Print exactly the lines below between the line containing "- просторная гостиная с камином;" and the line containing "事发于10月17日,在毗邻北", counting both of those lines. Leave pictures out.

*** Block opens ***

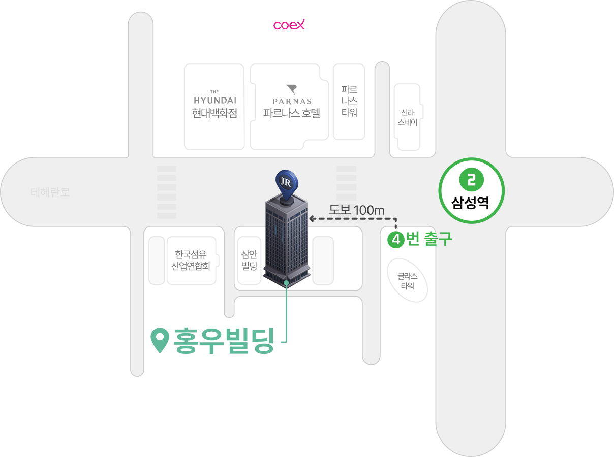 삼성역 하차 후 4번 출구 직진 보도 약 100m
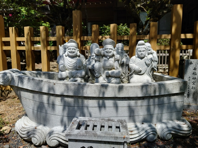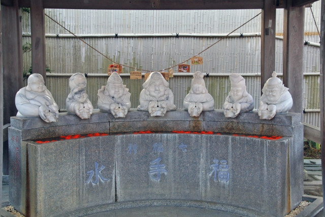 Se dice que durante los tres primeros días de cada año, las siete divinidades se embarcan desde los cielos en un velero llamado Takarabune con tesoros del folclore japonés y se dirigen hacia los puertos humanos
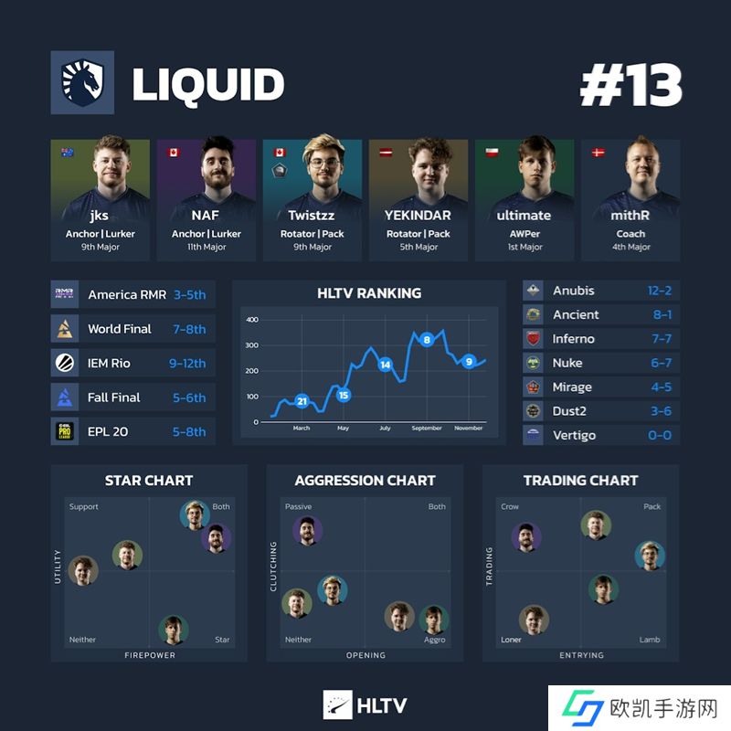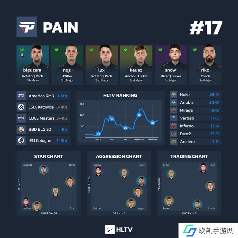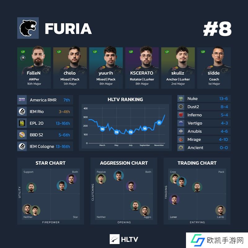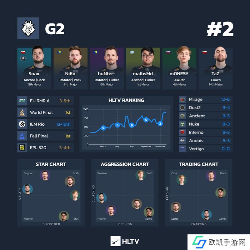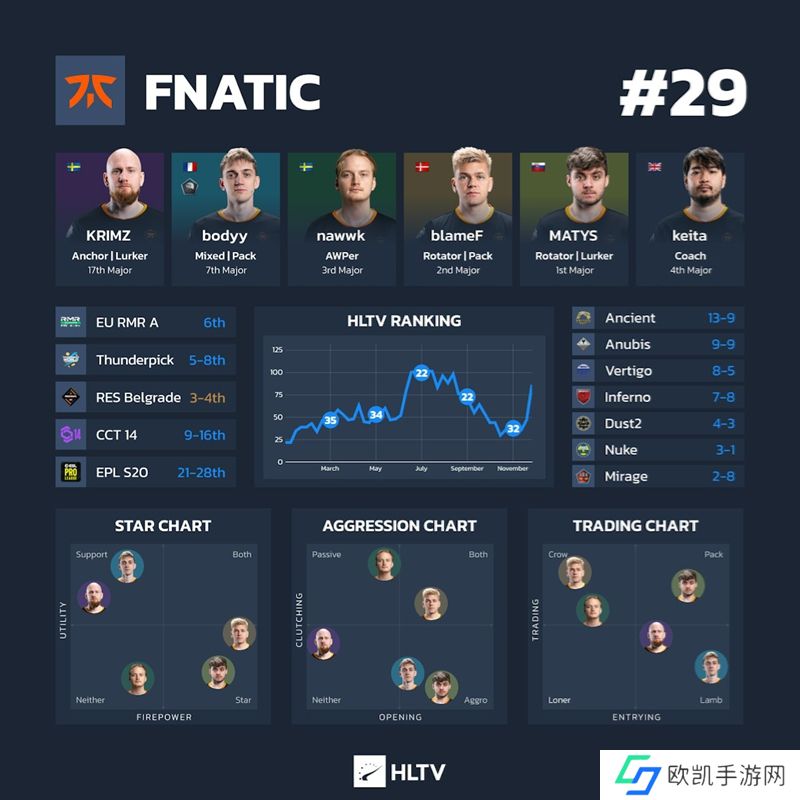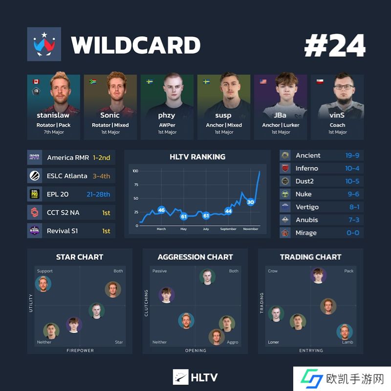 为了让看关门了解上海Major参赛队伍的最新情况,这里有一份关于所有24支参赛队伍的深度信息图表,按照他们的HLTV世界排名排序。
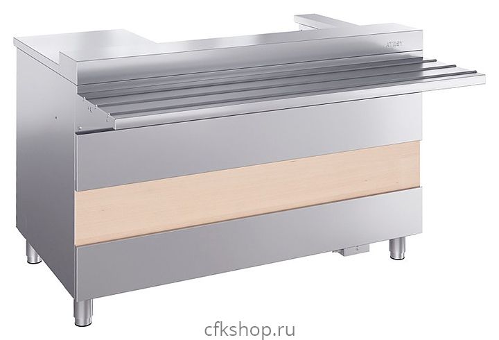 Кассовый стол ATESY Ривьера КСП-1120-02 используется на предприятиях общественного питания и торговли для оборудования рабочего места продавца-кассира. Модель оснащена розеткой для подключения кассового аппарата, расположенной со стороны обслуживающего персонала. Корпус и направляющая для подносов выполнены из нержавеющей стали AISI 430, столешница - из нержавеющей стали и усилена листом ламинированной ДСП толщиной 16 мм, ножки - из нержавеющей стали с пластиковой опорной частью.
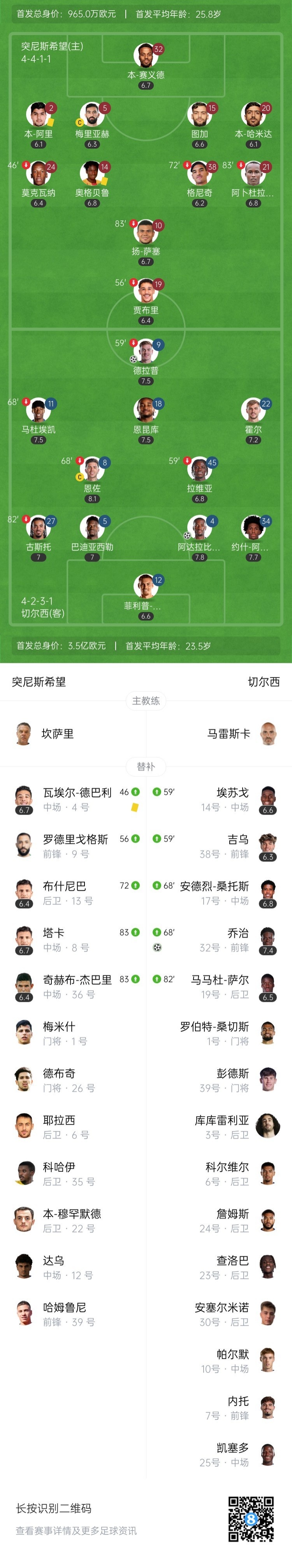 第45+3分钟,恩佐再次挑传,德拉普前插晃动后推射破门!切尔西2分钟2球!恩佐2分钟助攻双响!切尔西2-0领先突尼斯希望↓
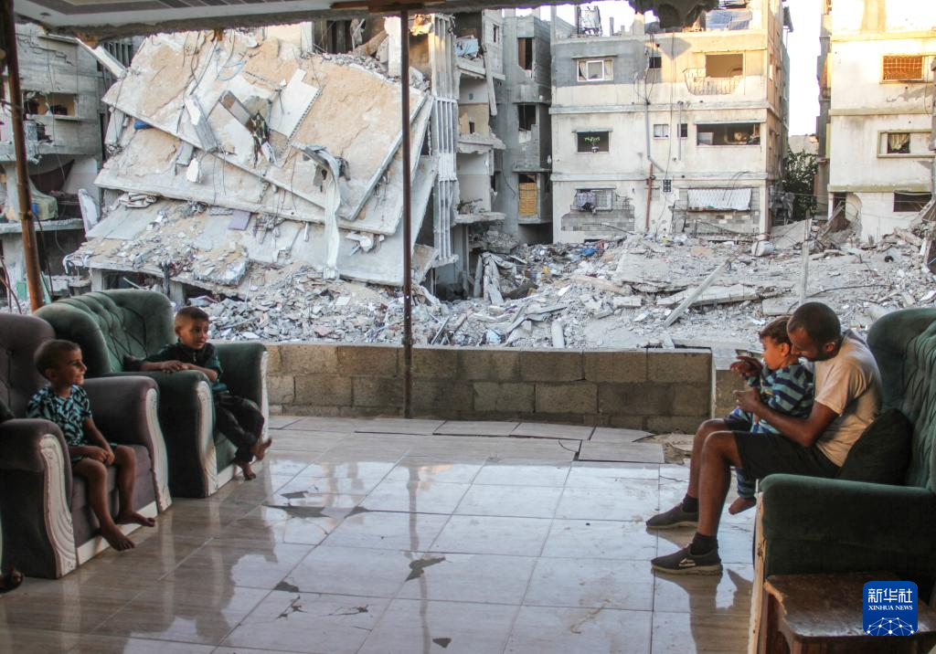 10月6日,在加沙地带北部杰巴利耶,人们坐在建筑废墟附近。
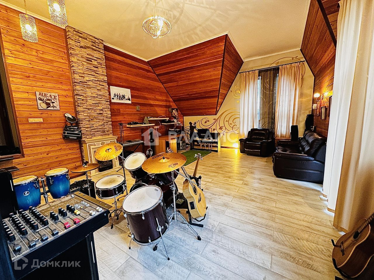 - просторная гостиная с камином;
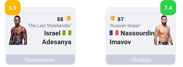 Нассурдин Имавов заслужил похвалы за камбэк в минувшем бою. Алгоритм Stats Fight Performance оценил выступление французского средневеса высокой оценкой 7.4. Исраэль Адесанья, в свою очередь, удостоился рейтинга 5.9.
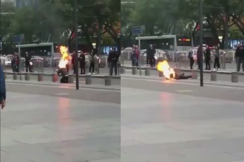 事发于10月17日,在毗邻北京天安门广场的西单大悦城旁边,一名身穿厚衣的男子上身突然起火并随之倒在地上,估计是疼痛的缘故,男子的两脚踢打着地面。
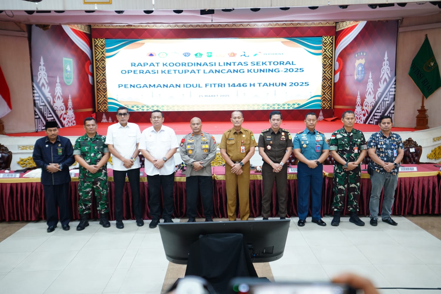 TNI AL, Dumai,- Dalam upaya meningkatkan sinergitas dan koordinasi antar instansi, Komandan Lanal Dumai Kolonel Laut (P) Abdul Haris didampingi Dandenpom Lanal Dumai Mayor Laut (PM) Syaparudin menghadiri Rapat Koordinasi Lintas Sektoral Operasi Ketupat Lancang Kuning 2025, bertempat di Balai Serindit Aula Gubernuran Provinsi Riau, Jalan Diponegoro No. 23 Pekanbaru, Selasa (25/03/2025).
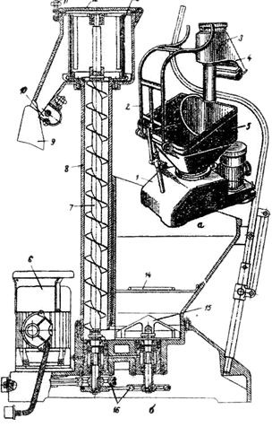 б-разрез: 6 - электродвигатель; 7 - шнек; 8 - вертикальная труба;
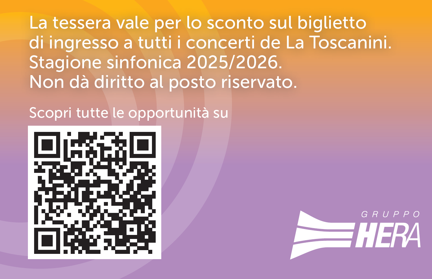 La card Hera ti dà il diritto di ingresso ai concerti della Filarmonica Toscanini con il biglietto a prezzo ridotto.
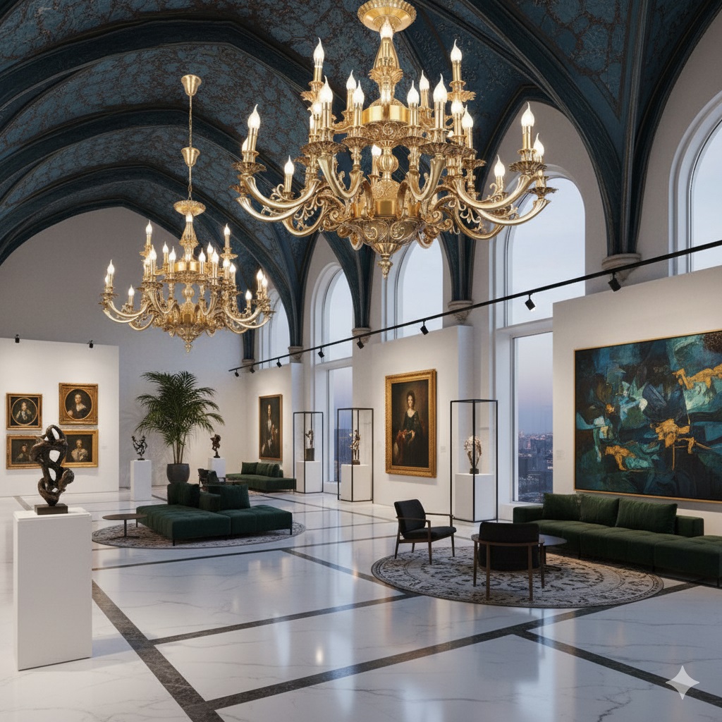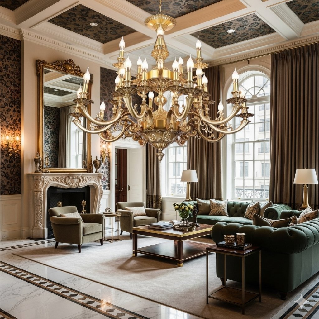 Chất liệu đồng nguyên khối mang đến độ bền vượt thời gian. Ánh sáng vàng ấm tạo cảm giác ấm cúng cho bữa ăn, đồng thời tôn lên vẻ uy nghi của phòng khách và đại sảnh. Đây là điểm nhấn nghệ thuật giúp khẳng định phong cách sống thượng lưu của gia chủ.
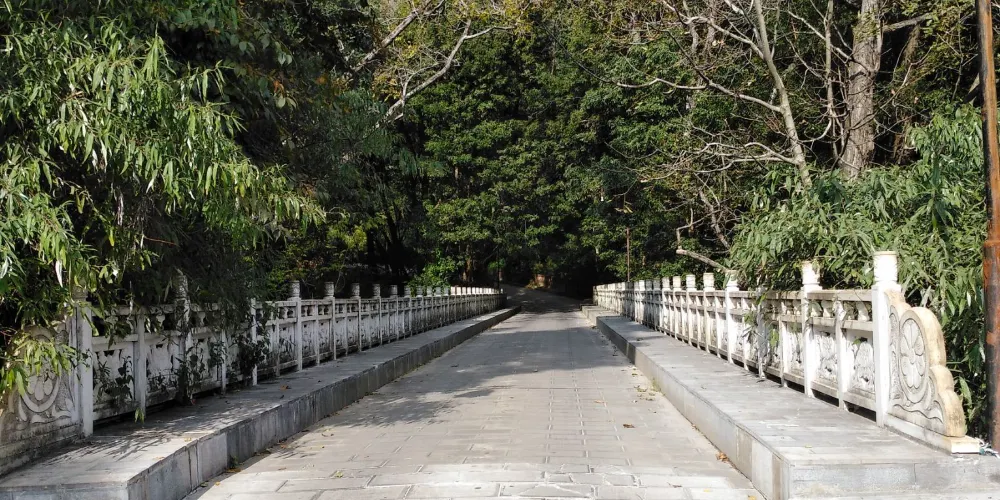 則評價位於雞足山南麓,有座一高兩矮牌樓式的建築,中坊上鑲有全國佛教協會主席趙樸初撰題“靈山一會坊”匾額,左右兩坊分別是“天開佛國”及“地湧化城”。此牌樓是雞足山的山門總坊,過了“靈山一會坊”,初登雲路,朝山就從這裏開始了。
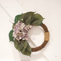 Set upon a natural grapevine base, the design features a full, softly layered hydrangea bloom in muted blush, dusty mauve and sage tones that are framed by richly textured hydrangea leaves with delicate veining detail and an under layer of eucalyptus leaves.

*** Block closes ***

Exercise output:
 - просторная гостиная с камином;
 Нассурдин Имавов заслужил похвалы за камбэк в минувшем бою. Алгоритм Stats Fight Performance оценил выступление французского средневеса высокой оценкой 7.4. Исраэль Адесанья, в свою очередь, удостоился рейтинга 5.9.
 事发于10月17日,在毗邻北京天安门广场的西单大悦城旁边,一名身穿厚衣的男子上身突然起火并随之倒在地上,估计是疼痛的缘故,男子的两脚踢打着地面。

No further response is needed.